In our code above we had a set of dictionaries with the same keys for each, a prime candidate for a CSV. We import the csv library, and then open a new CSV file in write-mode by passing the ‘w’ argument to the open() function.

We then define the fields we’re going to be using into a variable called fields. We then instantiate our CSV writer object and pass two arguments. The first is output_csv, the file handler object. The second is our list of fields fields which we pass to the keyword parameter fieldnames.

Now that we’ve instantiated our CSV file writer, we can start adding lines to the file itself! First we want the headers, so we call .writeheader() on the writer object. This writes all the fields passed to fieldnames as the first row in our file. Then we iterate through our big_list of data. Each item in big_list is a dictionary with each field in fields as the keys. We call output_writer.writerow() with the item dictionaries which writes each line to the CSV file.

Reading a JSON File

CSV isn’t the only file format that Python has a built-in library for.
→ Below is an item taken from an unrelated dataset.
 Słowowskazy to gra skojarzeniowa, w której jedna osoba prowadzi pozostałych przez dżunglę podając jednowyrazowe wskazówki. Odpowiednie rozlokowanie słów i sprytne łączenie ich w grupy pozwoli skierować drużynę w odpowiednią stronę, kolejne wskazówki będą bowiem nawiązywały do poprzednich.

We can also use Python’s file tools to read and write JSON. JSON, an abbreviation of JavaScript Object Notation, is a file format inspired by the programming language JavaScript. The name, like CSV is a bit of a misnomer — some JSON is not valid JavaScript (and plenty of JavaScript is not valid JSON).

JSON’s format is endearingly similar to Python dictionary syntax, and so JSON files might be easy to read from a Python developer standpoint. Nonetheless, Python comes with a json package that will help us parse JSON files into actual Python dictionaries. Suppose we have a JSON file like the following:

purchase_14781239.json

{
  ‘user’: ‘ellen_greg’,
  ‘action’: ‘purchase’,
  ‘item_id’: ‘14781239’,
}

We would be able to read that in as a Python dictionary with the following code:

json_reader.py

import json

with open(‘purchase_14781239.json’) as purchase_json:
  purchase_data = json.load(purchase_json)
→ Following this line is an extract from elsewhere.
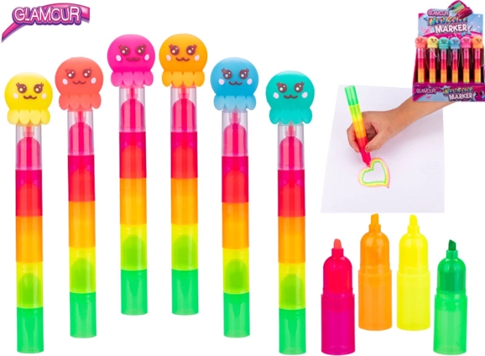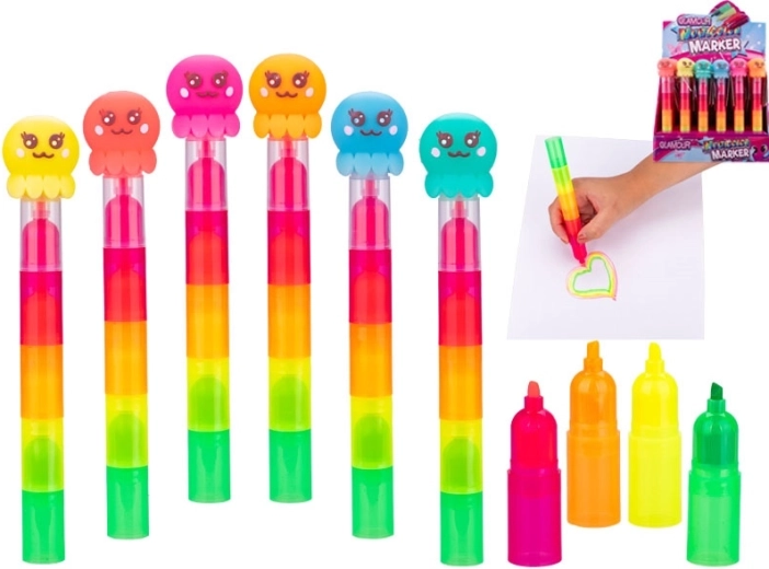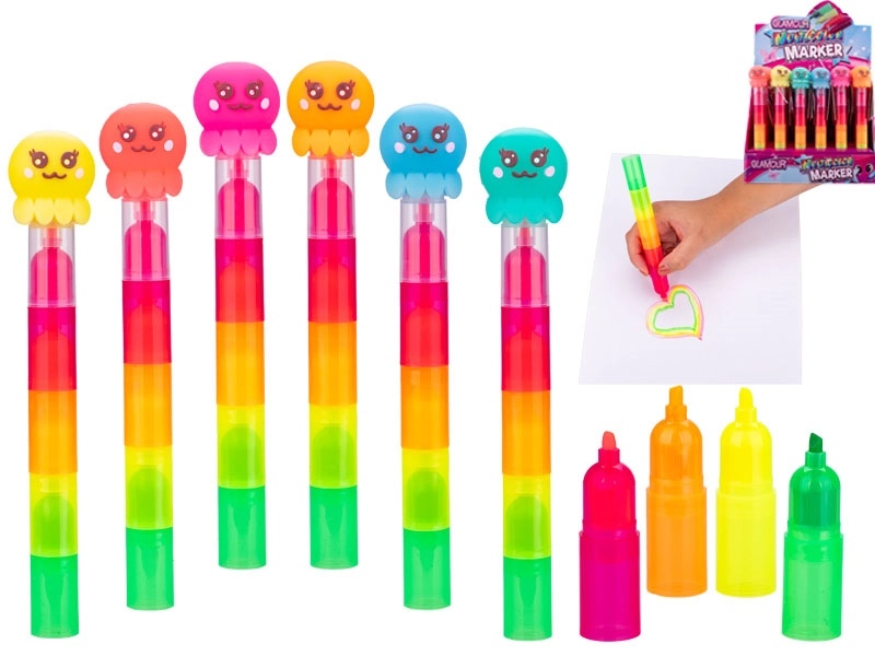 Objevte zábavný a praktický způsob zvýrazňování. Tento pětibarevný zvýrazňovač ve tvaru chobotnice kombinuje oranžovou, růžovou, modrou, zelenou, žlutou a červenou v jednom těle, takže můžete rychle přepínat barvy bez výměny nástroje. Díky délce 18 cm a průměru 3 cm se skvěle drží a je ideální pro denní použití.

print(purchase_data[‘user’])
# Prints ‘ellen_greg’

First we import the json package. We opened the file using our trusty open()command. Since we’re opening it in read-mode we just need to pass the file name. We save the file in the temporary variable purchase_json.

We continue by parsing purchase_json using json.load(), creating a Python dictionary out of the file. Saving the results into purchase_data means we can interact with it. We print out one of the values of the JSON file by keying into the purchase_data object.

Writing a JSON File

Naturally we can use the json library to translate Python objects to JSON as well. This is especially useful in instances where you’re using a Python library to serve web pages, you would also be able to serve JSON. Let’s say we had a Python dictionary we wanted to save as a JSON file:

turn_to_json = {
  ‘eventId’: 674189,
  ‘dateTime’: ‘2015-02-12T09:23:17.511Z’,
  ‘chocolate’: ‘Semi-sweet Dark’,
  ‘isTomatoAFruit’: True
}

We’d be able to create a JSON file with that information by doing the following:

import json

with open(‘output.json’, ‘w’) as json_file:
  json.dump(turn_to_json, json_file)

We import the json module, open up a write-mode file under the variable json_file, and then use the json.dump() method to write to the file. json.dump() takes two arguments: first the data object, then the file object you want to save.

Review

Now you know all about files! You were able to:

  • Open up file objects using open() and with.
  • Read a file’s full contents using Python’s .read() method.
  • Read a file line-by-line using .readline() and .readlines()
  • Create new files by opening them in write-mode.
  • Append to a file non-destructively by opening a file in append-mode.
  • Apply all of the above to different types of data-carrying files including CSV and JSON!

You have all the skills necessary to read, write, and update files programmatically, a very useful skill in the Python universe!